Comment by peter_d_sherman
5 years ago
>"Closing File Handles on Windows
Many years ago I was profiling Mercurial to help improve the working directory checkout speed on Windows, as users were observing that checkout times on Windows were much slower than on Linux, even on the same machine.
I thought I could chalk this up to NTFS versus Linux filesystems or general kernel/OS level efficiency differences. What I actually learned was much more surprising.
When I started profiling Mercurial on Windows, I observed that most I/O APIs were completing in a few dozen microseconds, maybe a single millisecond or two ever now and then. Windows/NTFS performance seemed great!
Except for CloseHandle(). These calls were often taking 1-10+ milliseconds to complete. It seemed odd to me that file writes - even sustained file writes that were sufficient to blow past any write buffering capacity - were fast but closes slow. It was even more perplexing that CloseHandle() was slow even if you were using completion ports (i.e. async I/O). This behavior for completion ports was counter to what the MSDN documentation said should happen (the function should return immediately and its status can be retrieved later).
While I didn't realize it at the time, the cause for this was/is Windows Defender. Windows Defender (and other anti-virus / scanning software) typically work on Windows by installing what's called a filesystem filter driver. This is a kernel driver that essentially hooks itself into the kernel and receives callbacks on I/O and filesystem events. It turns out the close file callback triggers scanning of written data. And this scanning appears to occur synchronously, blocking CloseHandle() from returning. This adds milliseconds of overhead."
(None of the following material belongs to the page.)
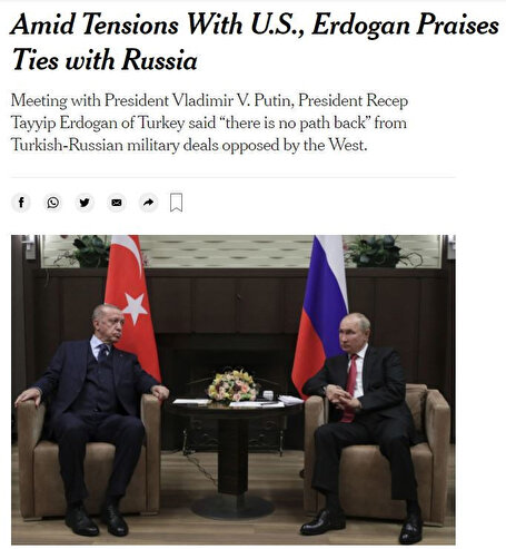 Cumhurbaşkanı Recep Tayyip Erdoğan, Rusya'ya günübirlik bir ziyarette bulunarak Rusya Devlet Başkanı Vladimir Putin ile görüştü. New York Times gazetesi, bu görüşme ile ilgili bir analiz haber yayımladı. Haberde "Erdoğan Putin'e yakınlaşarak ABD'yi tehdit ediyor" ifadelerine yer verildi.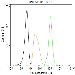 The A431 (H) cells were fixed with 4% PFA (10 min at r.t.) and then permeabilized with 90% ice-cold methanol for 20 min at -20℃,the cells then were incubated in 5%BSA to block non-specific protein-protein interactions (30 min at r.t.).Primary Antibody (green):Rabbit Anti-Peroxiredoxin-6 antibody (bsm-61449R,1:100); Isotype Control (orange): Rabbit IgG (bs-0295P). Blank control (black): PBS. Acquisition of 20,000 events was performed.

PDS: Observation: In an OS, if I/O (or more generally, API calls) are initially written to run and return quickly -- this doesn't mean that they won't degrade (for whatever reason), as the OS expands and/or underlying hardware changes, over time...
For any OS writer, present or future, a key aspect of OS development is writing I/O (and API) performance tests, running them regularly, and immediately halting development to understand/fix the root cause -- if and when performance anomalies are detected... in large software systems, in large codebases, it's usually much harder to gain back performance several versions after performance has been lost (i.e., Browsers), than to be disciplined, constantly test performance, and halt development (and understand/fix the root cause) the instant any performance anomaly is detected...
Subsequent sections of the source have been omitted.